Ne réveillons donc pas nos vieux démons, cela ferait le jeu d’une extrême droite conquérante devant une UMP arrogante bien que sévèrement divisée.

Car le Front national n’est plus en embuscade : il envahit désormais la scène politique, se banalise et tente de paraître comme la seule alternative au soi-disant échec des gouvernements précédents et ceci en dépit d’un programme économique, social et politique totalement incohérent ( remise en cause du droit du sol et de la nationalité, mise en œuvre de la préférence nationale, sortie de l’euro, de l’Union européenne, … ). Tout cela s’accompagne de la résurgence d’autres vieux démons surgis, eux, tout droit d’un passé trouble.

Dérapage à Angers : Christiane Taubira traitée de « guenon » par une gamine de 10 ans

Lu dans le Midi Libre : « Après l’ignoble comparaison avec un singe par une élue FN, les « Y’a bon Banania » dans Paris de manifestants Civitas, les insultes racistes continuent envers Christiane Taubira ». Vendredi 25 octobre à Angers, selon « Angers Mag », « des phrases comme »Taubira, tu sens mauvais » lancée par un manifestant et « C’est pour qui la banane ? C’est pour la guenon ! » lâchée par une enfant d’une dizaine d’année, peau de banane à la main… Selon le quotidien local d’Angers : les gens souriaient autour d’elle et « les CRS qui assuraient le cordon de sécurité n’en sont pas revenus ».

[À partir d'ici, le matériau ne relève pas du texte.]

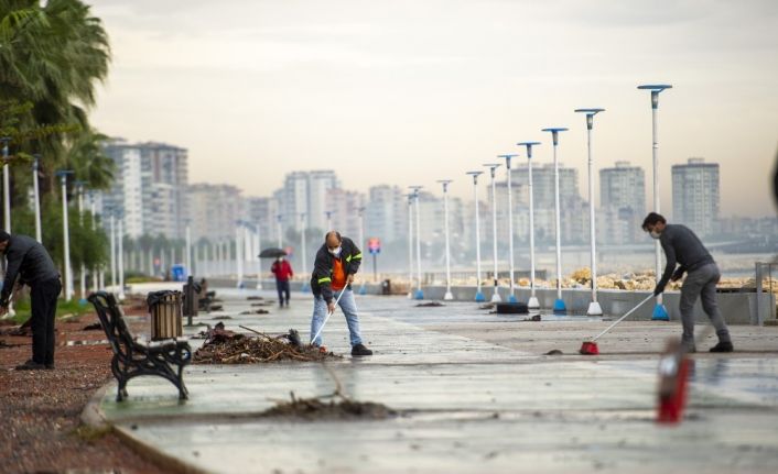 Meteoroloji Genel Müdürlüğü’nün uyarıları çerçevesinde yoğun yağış boyunca teyakkuzda olan Büyükşehir ve MESKİ ekipleri, gelen tüm ihbarları değerlendirerek ızgara, kanal temizliği, yağmursuyu şebeke çalışmaları yaparak vatandaşların evleri ve iş yerleriyle araç trafiğini etkileyecek yağmursuyu birikintilerinin yaşanmaması için çalışmalar yürüttü. Büyükşehir Belediyesi Adnan Menderes Bulvarı boyunca Atatürk Parkı, Hilton-Mezitli deresi arasına kadar olan alanda kapsamlı bir temizlik çalışması gerçekleştirdi. Park ve Bahçeler Dairesi ekipleri fırtınanın sahilin karo taşlarına verdiği zayiatı giderirken, sağlam olan taşları ise yeniden düzenlemek için ayırdı. Deniz taşması sonucu denizden gelen çamur, birikinti ve çeşitli atıklar da temizlendi.

Ces faits insoutenables, le rejet imbécile et tripal de l’autre, révèlent un malaise profond de notre société à mon avis bien plus inquiétant que les chicayas politiques quotidiennes que la presse se plaît à nous décrire en ponctuant ses propos de « petites phrases » arrachées ici où là. Bien sûr les médias ont évoqué ce racisme ordinaire qui s’installe mine de rien dans notre pays, mais ils sont bien vite retournés à ce qui fait l’écume de notre vie politique plutôt que de s’attarder à analyser ce qui risque de devenir un véritable problème de société : notre capacité à vivre ensemble.

Pour ma part je sais où est mon combat : lutter, rassemblés et unis, contre ceux qui attisent la haine et la peur ou contre ceux qui courent après le Front national à la veille des élections en disant à nouveau vouloir réformer le droit du sol et les modes d’acquisition de la nationalité française. Les Français de l’étranger sont particulièrement sensibles sur ces questions et ont démontré, dans le passé, qu’ils n’étaient pas les derniers à se mobiliser, notamment quand l’UMP a voulu remettre en cause la binationalité.